§ Instructions to follow
Leave out all pictures. Return exactly the lines from the top of the material through the line containing "Mit dem Anstieg".
● ● ● ● ● ● ●
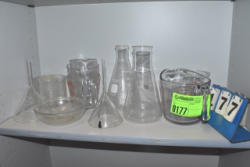 Lot of assorted glassware, Pyrex measuring cups, glass funnels, etc.
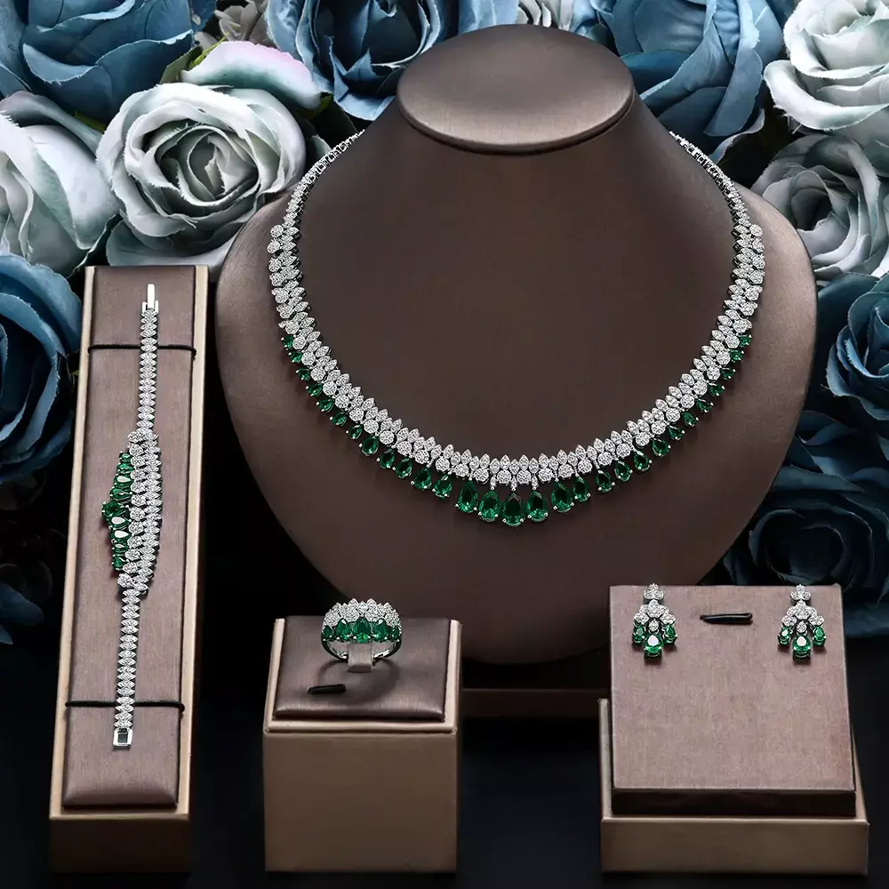 Apresentamos um deslumbrante Conjunto de Joias de Noiva que exala luxo e sofisticação. Ideal para a ocasião mais especial da sua vida, este conjunto completo é feito com materiais de alta qualidade e um design trendy atemporal.
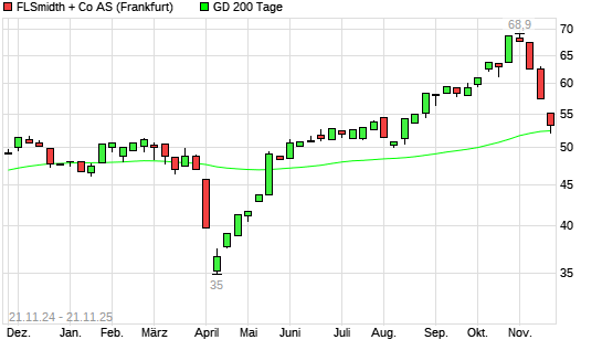 Mit dem Anstieg auf 53,35 EUR hat die FLSmidth-Aktie am 20.11.2025 die 200-Tage-Linie nach oben gekreuzt.Die FLSmidth-Aktie befand sich seit dem 18.11.2025 im langfristigen Abwärtstrend und ...weiterlesen
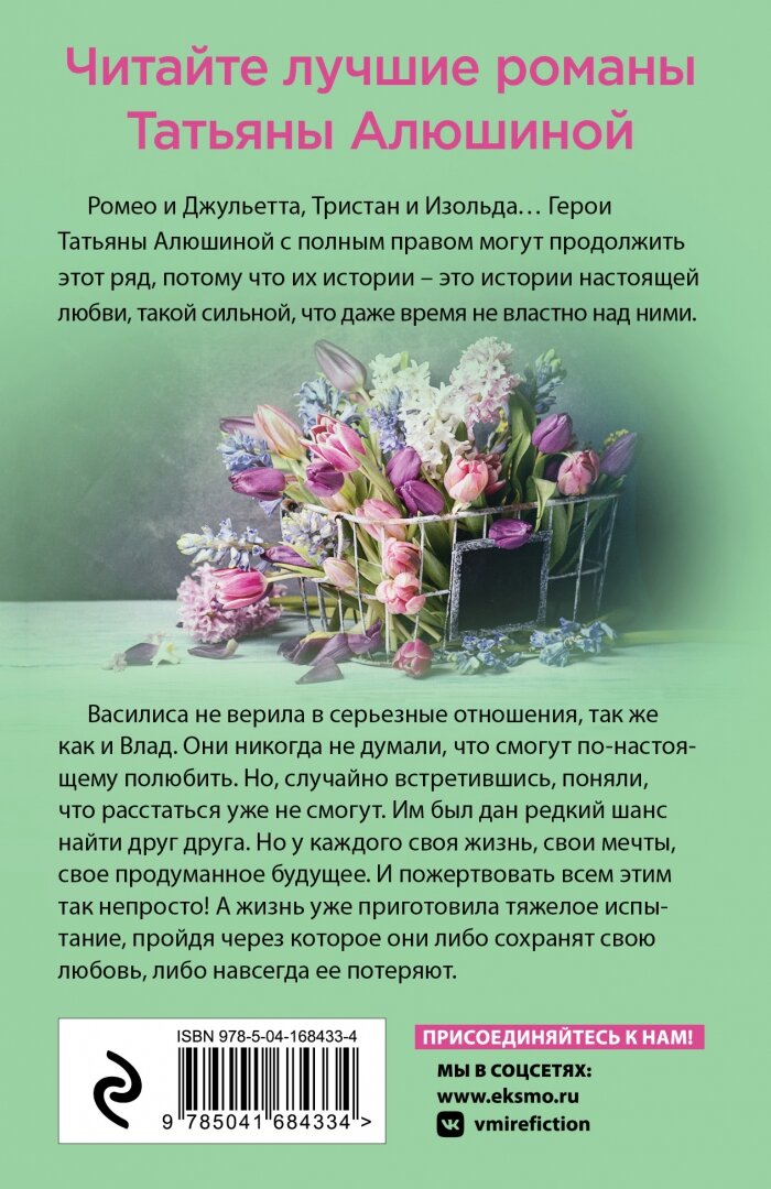 Василиса не верила в серьезные отношения, так же, как и Влад. Они никогда не думали, что смогут по-настоящему полюбить. Но, случайно встретившись, поняли, что расстаться уже не смогут. Им был дан редкий шанс найти друг друга. Но у каждого своя жизнь, свои мечты, свое продуманное будущее. И пожертвовать всем этим так непросто! А жизнь уже приготовила тяжелое испытание, пройдя через которое они либо сохранят свою любовь, либо навсегда ее потеряют.
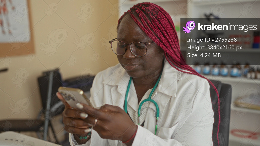 Woman doctor in clinic wearing glasses and lab coat with stethoscope, focused on task, surrounded by medical equipment and shelving, conveying a professional and dedicated atmosphere - Kraken Images
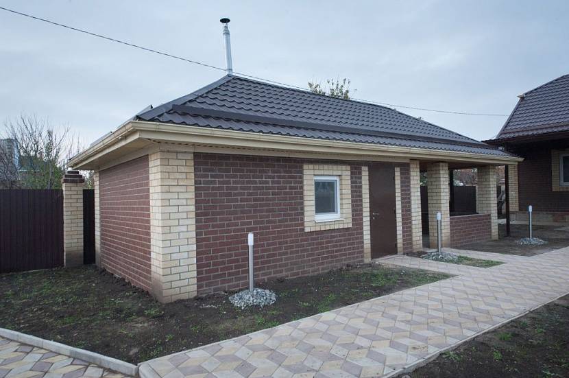 Более дешевым материалом для стен бани является кирпич или блоки из ячеистого бетона. Из преимуществ таких бань можно выделить простоту в обслуживании, огнестойкость, хорошие, но недостаточно высокие теплоизоляционные свойства, вследствие чего такие стены требуют дополнительного утепления. Кроме проведения дополнительной теплоизоляции стен, изнутри их необходимо тщательно загерметизировать, ввиду высокой влагопоглощающей способности.
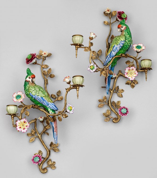 Paar figürliche Wandappliken 2-flg.; Messing. Porzellan. Aufsteigende, sich weit verzweigende Blattranke, sich in astförmig geschwungenen Leuchterarmen mit großen Porzellablüten verzweigend. Vasenförmige Tüllen über blattartig reliefierte Traufschalen. Mittig sitzender, farbenprächtiger Papagei mit naturalistisch gestaltetem und staffiertem Gefieder. Unw. rest.; H. 49 cm.
● ● ● ● ● ● ●
§ Answer space
 Lot of assorted glassware, Pyrex measuring cups, glass funnels, etc.
 Apresentamos um deslumbrante Conjunto de Joias de Noiva que exala luxo e sofisticação. Ideal para a ocasião mais especial da sua vida, este conjunto completo é feito com materiais de alta qualidade e um design trendy atemporal.
 Mit dem Anstieg auf 53,35 EUR hat die FLSmidth-Aktie am 20.11.2025 die 200-Tage-Linie nach oben gekreuzt.Die FLSmidth-Aktie befand sich seit dem 18.11.2025 im langfristigen Abwärtstrend und ...weiterlesen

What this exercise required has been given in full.